Here on the cliffs’ edgelands, I try to find an escape from an easterly wind. With the sound of the last seabirds of the year, I read a book by Phoebe Smith titled Wayfarer. Coincidentally, my place holder for the next chapter is Finisterre. As I sit in the landscape, I feel I too have reached my own Finisterre. Looking out to the Atlantic, it seems there is nothing beyond the horizon but the end of the earth.

“There’s a rockbound peninsuala on the west coast of Galicia that was once believed to be the very western tip of the European continent and, therefore, the end of the earth. Its spanish name which means just that, is Finesterre”. Smith, P. ‘Wayfarer’ Harper North (2025).

At Finisterre, the end of the land is marked with a cross. A stone plinth signals the end of the Camino de Santiago. Unlike Finisterre, however, (since the removal of the temporary Anthony Gormley statue) there are no man-made markers here.
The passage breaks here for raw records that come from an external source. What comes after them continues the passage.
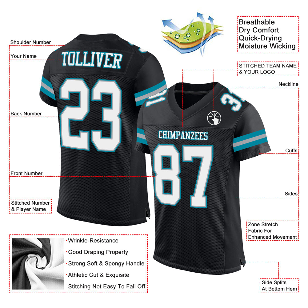 Personalized Black White-Teal Mesh Authentic Football Jersey
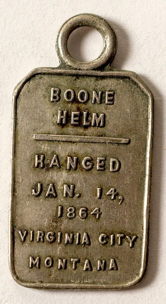 Territorial tag for a man named Boone Helm that had been hanged Jan. 14, 1864 in Virginia City Montana. Very early Montana piece that reflects the attitude of early V.C. Textured white metal that resembles the shape of a coffin with a loop on the top. Spectacular piece. 1" Tall. Date: 1864 Location: Virginia City, Montana HWAC# 40828
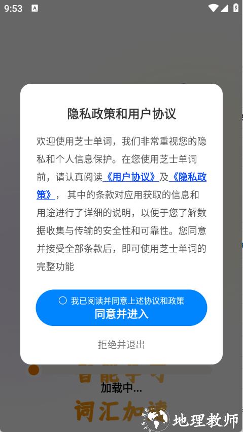 1、首先在地理教师下载网下载芝士单词 APP,打开后查看并同意隐私政策与用户协议。
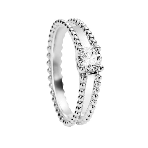 創業者のひとり、アルフレッド・ヴァン クリーフの愛妻エステル・アーペルの名を冠したリングは、愛を告げるのにこの上なくふさわしい。「エステル ソリティア」リング(PT×ラウンドダイヤモンド 0.30ct~)¥669,600~
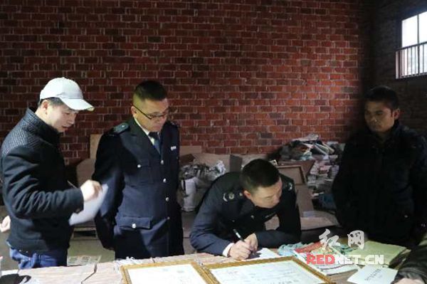 红网时刻长沙3月8日讯(记者 黄时中 通讯员 朱德军)“图书论斤卖,每斤11元起……”3月7日上午,长沙市天心区书院南路一家书店门口的音箱里不断传出的叫卖声,引起了执法人员注意。经过细致调查,这家书店“果然”涉嫌发行非法出版物。连日来,天心区文化市场综合执法局联合区工商分局、区公安分局、区城管执法局等多个单位联合行动,“扫”出了一批非法出版物。
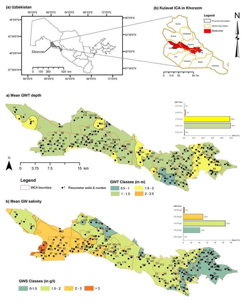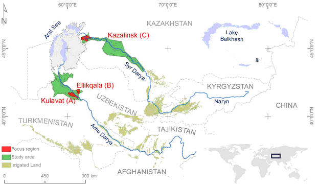 Study area is located in the irrigated lowlands of the Amu Darya (Khorezm and Karakalpakstan in Uzbekistan) and Syr Darya (Kyzylorda in Kazakhstan) River Basins. Three focus regions within the study area, namely “Kulavat” irrigation command area in Khorezm and Ellikkala district in Karakalpakstan, and Kazalisk district in Kyzylorda have been selected.
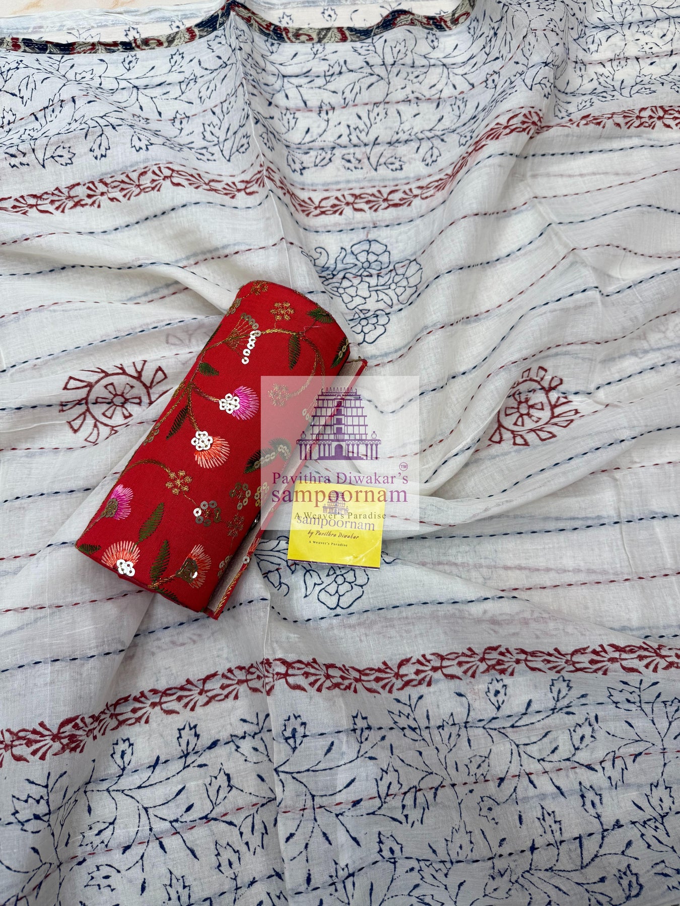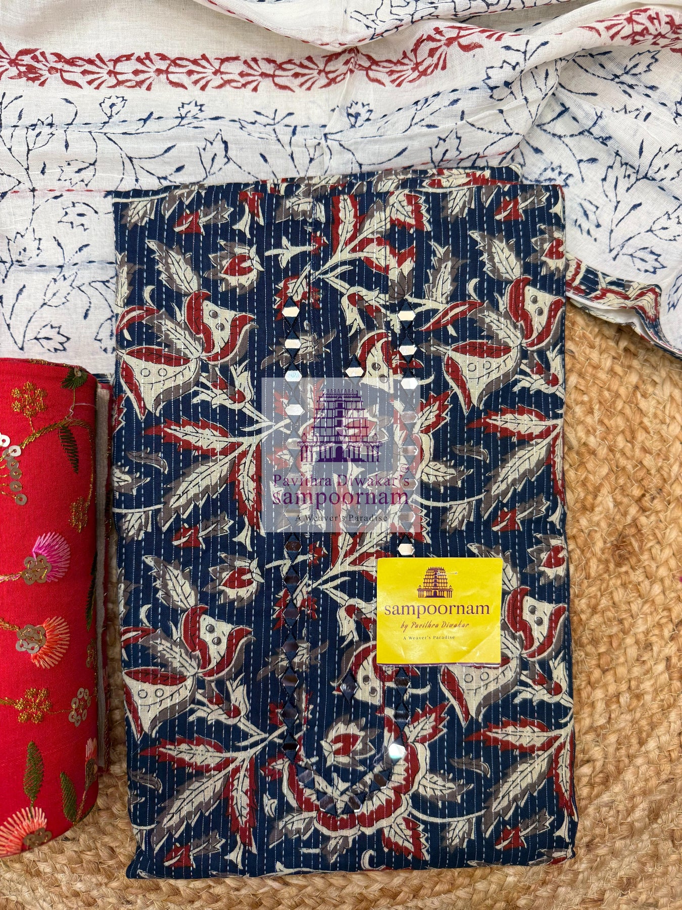 Blue Kantha Kalamkari printed top with Mirror work in the Yoke , Plain bottom and Kantha Handblock Printed Dupatta
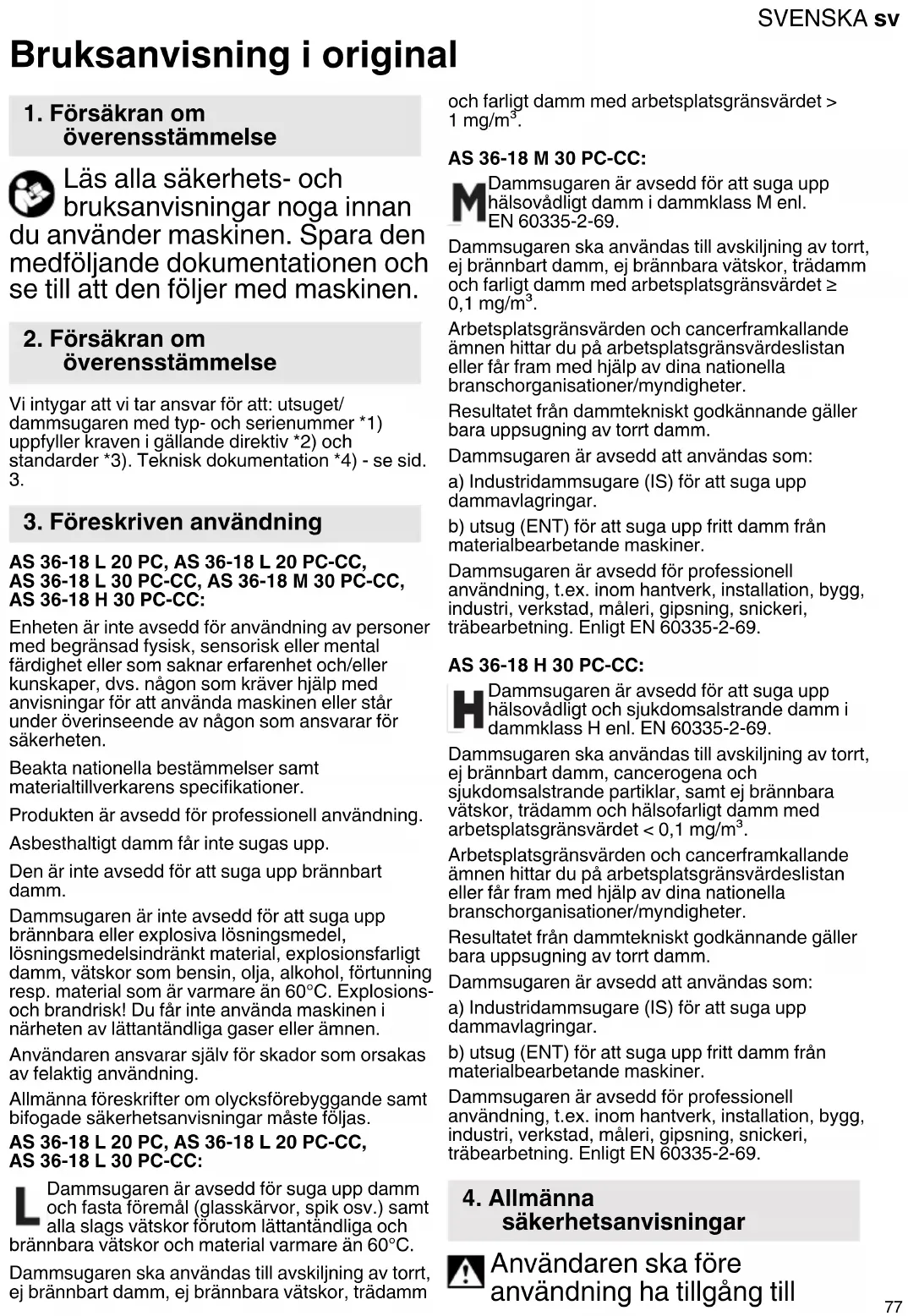 AS 36-18 L 20 PC, AS 36-18 L 20 PC-CC, AS 36-18 L 30 PC-CC, AS 36-18 M 30 PC-CC, AS 36-18 H 30 PC-CC: Enheten är inte avsedd för användning av personer med begränsad fysisk, sensorisk eller mental färdighet eller som saknar erfarenhet och/eller kunskaper, dvs. någon som kräver hjälp med anvisningar för att använda maskinen eller står under överinseende av någon som ansvarar för säkerheten. Beakta nationella bestämmelser samt materialtillverkarens specifikationer. Produkten är avsedd för professionell användning. Asbesthaltigt damm får inte sugas upp. Den är inte avsedd för att suga upp brännbart damm. Dammsugaren är inte avsedd för att suga upp brännbara eller explosiva lösningsmedel, lösningsmedelsindränkt material, explosionsfarligt damm, vätskor som bensin, olja, alkohol, förtunning resp. material som är varmare än 60°C. Explosions- och brandrisk! Du får inte använda maskinen i närheten av lättantändliga gaser eller ämnen. Användaren ansvarar själv för skador som orsakas av felaktig användning. Allmänna föreskrifter om olycksförebyggande samt bifogade säkerhetsanvisningar måste följas. AS 36-18 L 20 PC, AS 36-18 L 20 PC-CC, AS 36-18 L 30 PC-CC: Dammsugaren är avsedd för suga upp damm och fasta föremål (glasskärvor, spik osv.) samt alla slags vätskor förutom lättantändliga och brännbara vätskor och material varmare än 60°C. Dammsugaren ska användas till avskiljning av torrt, ej brännbart damm, ej brännbara vätskor, trädamm och farligt damm med arbetsplatsgränsvärdet > 1 mg/m³. AS 36-18 M 30 PC-CC: Dammsugaren är avsedd för att suga upp hälsovådligt damm i dammklass M enl. EN 60335-2-69. Dammsugaren ska användas till avskiljning av torrt, ej brännbart damm, ej brännbara vätskor, trädamm och farligt damm med arbetsplatsgränsvärdet ≥ 0,1 mg/m³. Arbetsplatsgränsvärden och cancerframkallande ämnen hittar du på arbetsplatsgränsvärdeslistan eller får fram med hjälp av dina nationella branschorganisationer/myndigheter. Resultatet från dammtekniskt godkännande gäller bara uppsugning av torrt damm. Dammsugaren är avsedd att användas som: a) Industridammsugare (IS) för att suga upp dammavlagringar. b) utsug (ENT) för att suga upp fritt damm från materialbearbetande maskiner. Dammsugaren är avsedd för professionell användning, t.ex. inom hantverk, installation, bygg, industri, verkstad, måleri, gipsning, snickeri, träbearbetning. Enligt EN 60335-2-69. AS 36-18 H 30 PC-CC: Dammsugaren är avsedd för att suga upp hälsovådligt och sjukdomsalstrande damm i dammklass H enl. EN 60335-2-69. Dammsugaren ska användas till avskiljning av torrt, ej brännbart damm, cancerogena och sjukdomsalstrande partiklar, samt ej brännbara vätskor, trädamm och hälsofarligt damm med arbetsplatsgränsvärdet < 0,1 mg/m³. Arbetsplatsgränsvärden och cancerframkallande ämnen hittar du på arbetsplatsgränsvärdeslistan eller får fram med hjälp av dina nationella branschorganisationer/myndigheter. Resultatet från dammtekniskt godkännande gäller bara uppsugning av torrt damm. Dammsugaren är avsedd att användas som: a) Industridammsugare (IS) för att suga upp dammavlagringar. b) utsug (ENT) för att suga upp fritt damm från materialbearbetande maskiner. Dammsugaren är avsedd för professionell användning, t.ex. inom hantverk, installation, bygg, industri, verkstad, måleri, gipsning, snickeri, träbearbetning. Enligt EN 60335-2-69. Användaren ska före användning ha tillgång till

Only the raw forms of Shutter Rock and Goat Island stand like sentinels at the island’s edge.

In July 2015, I travelled to Finisterre in western Spain. For centuries this place was believed to be the farthest reach of the known world. Long before maps revealed the Americas, Cape Finisterre was where the land stopped and the great ocean began. I admit I drove there whilst on holiday in Spain, but for some the journey to Finisterre is part of a pilgrimage — the Camino de Santiago. This long-distance walking route begins in France and winds across Spain to Santiago de Compostela, then continues westward for those who choose to walk beyond the cathedral to the sea at Finisterre.

At Finisterre, pilgrims often leave something behind to mark the end of their pilgrimage — a votive, a handwritten note, sometimes even their worn-out boots. These small acts carry symbolic weight: gestures of closure or renewal. The ritual is both deeply personal and shared, a way of marking the end of a long journey.

Lundy is different, yet the feeling echoes here. The idea of placing a votive jar at the end of my designed Lundy Pilgrimage came from being present in Finisterre and from reading Imagining Pilgrimage: Art and an Embodied Experience by Kathryn Barush (Bloomsbury Visual Arts, 2021).

Votive Jar in St Helen’s church symbolises the end of the Lundy Pilgrimage

It is at this moment, sat on this jagged cliff edge, that I feel my creativite journey has completed a full circle. My Pilgrimages, my journeying to Spain and Portugal and, my creative practice, all seem to link together. At Finisterre, the ocean’s edge became a destination, a site of pilgrimage and ritual. At Lundy, the west coast offers something quieter, unmediated, but equally powerful: an invitation to pause, to confront the horizon, to acknowledge both endings and continuities.

As a walking artist, I often think about how journeys imprint themselves on the body. The Camino is walked over many weeks, each step accumulating meaning. On Lundy, walks may be shorter, but the terrain and weather impose their own demands. When one reaches the western cliffs, the sense is no less significant. It is not ritualised, but it is embodied — a recognition that we are at a point where land gives way entirely to sea. There is the sensation of looking out into endlessness, the awareness of being small against the vast scale of ocean and sky. It reminds us that every journey, whether across countries or across an island, has its moments of completion — of standing still at the edge and simply absorbing where you are.

In both Finisterre and Lundy, I find that the edge of the world is where we pause, where we allow ourselves to feel the immensity of both land and sea.

References:

Barush, K., (2021). Imaging Pilgrimage: Art as Embodied Experience. Bloomsbury Publishing USA.